A large part of Tsao’s mainland commitment is in teaching. He has taught in the Beijing Dance Academy since 1988 and was later invited to take over the Beijing Modern Dance Company, which he funds solely with his own money. The troupe was selected to showcase modern Chinese arts and culture to journalists covering Beijing’s Olympic bid.

In 2004, the troupe achieved national recognition when it accompanied President Hu Jintao on his tour to South America, along with an acrobatic group from Shenyang and a Yunnan folk dance show.

Now his Guangdong dance company is creating history again. It became part of a unit comprising the Xinghai Concert Hall and the Guangzhou Symphony Orchestra to be privatized by the government, on direct order from the State Council.

Tsao holds 40 percent of the dance company’s shares, while the provincial government owns the rest. But more than half of the funds still come from his pocket. “The market is what we create. Now we have a brand – the creative beauty of modern dance. That’s what we sell.”

To keep his troupe afloat, Tsao has to choreograph advertising shows for shampoo, credit cards or real estate. But he insists such commercialism doesn’t affect the purity of his art because it is still about creativity.

Perhaps the most reliable source of income comes from overseas, where his dancers earn hundreds of thousands of yuan per tour. He’s taking GMDC to Poland and Denmark this week and all three dance companies to the US and Canada in October.

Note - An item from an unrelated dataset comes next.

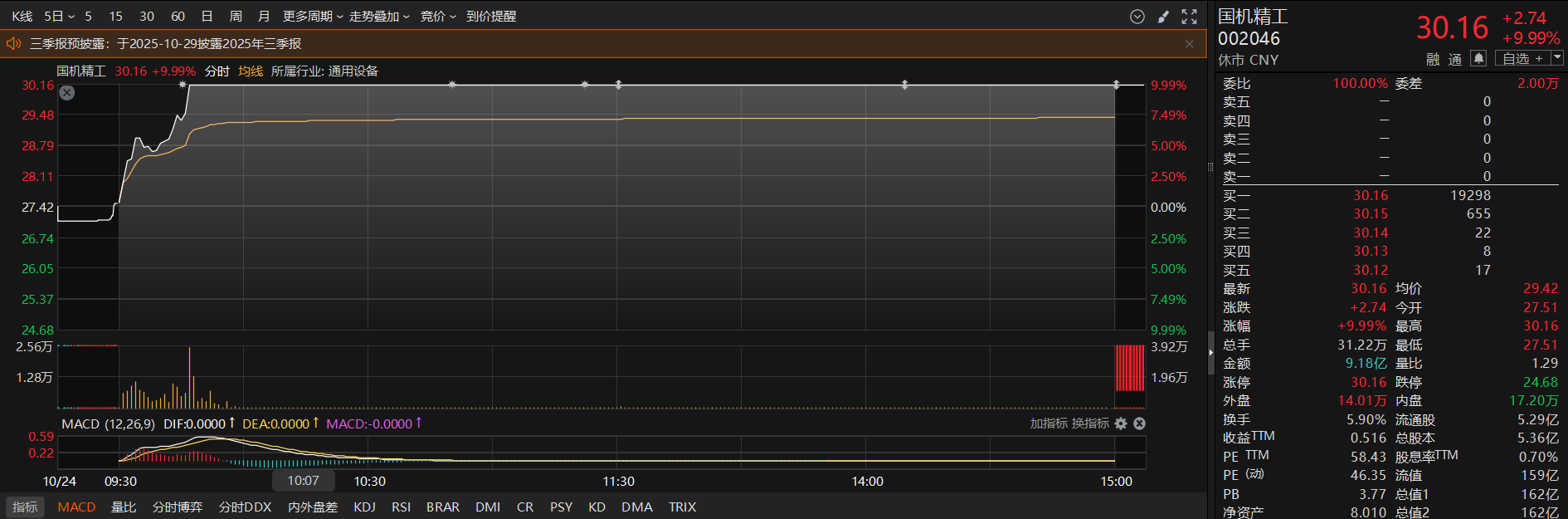 国机精工周五发布机构调研纪要表示,超硬材料磨具在芯片领域的国产替代空间较大。随着国内芯片产能扩张,以及企业产品线扩展、性能提升,未来仍具有较好的增长潜力。公司2024年超硬磨具业务收入5.8亿元左右,下游应用分半导体领域和非半导体(汽车、制冷、LED、工模具等)领域,其中用于半导体领域的产品近几年增长较为显著。二级市场上,国机精工周五收盘涨停。
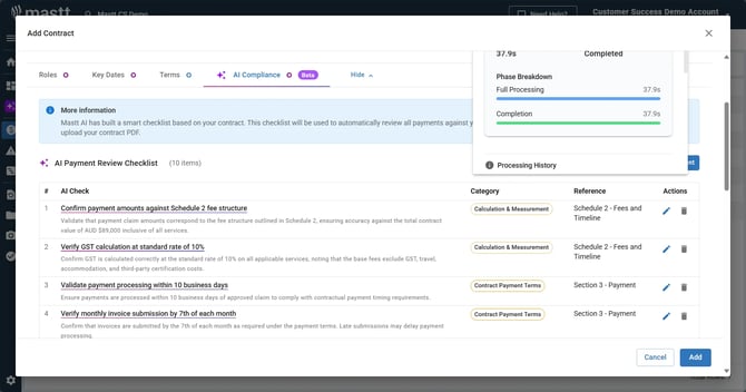 Configure your contracts in Mastt to automatically generate payment certificates, schedules, and recommendations. You can use AI to extract contract details from PDFs or enter information manually for complete control.

With salaries of just 2,000 yuan (HK$1,900) a month, Tsao’s dancers must perform in clubs or events to make ends meet. Even Tsao confesses he’s so busy running the dance companies that he can only choreograph a new show every two years.

But he is optimistic. “The day modern dance came to China, we started to liberate our bodies. Our Renaissance has started, because the Renaissance in the West was about liberation of the body.”

He fondly tells me even official dance competitions are allowing modern dance moves. Such steps are unstoppable. Just look at the way the Chinese dress these days, Tsao says, his eyes glittering.

“After centuries of ignoring the body,” he adds, “youngsters are accepting the body and enjoying the body. As they start to learn about the body, they’ll change their thinking, and eventually China.”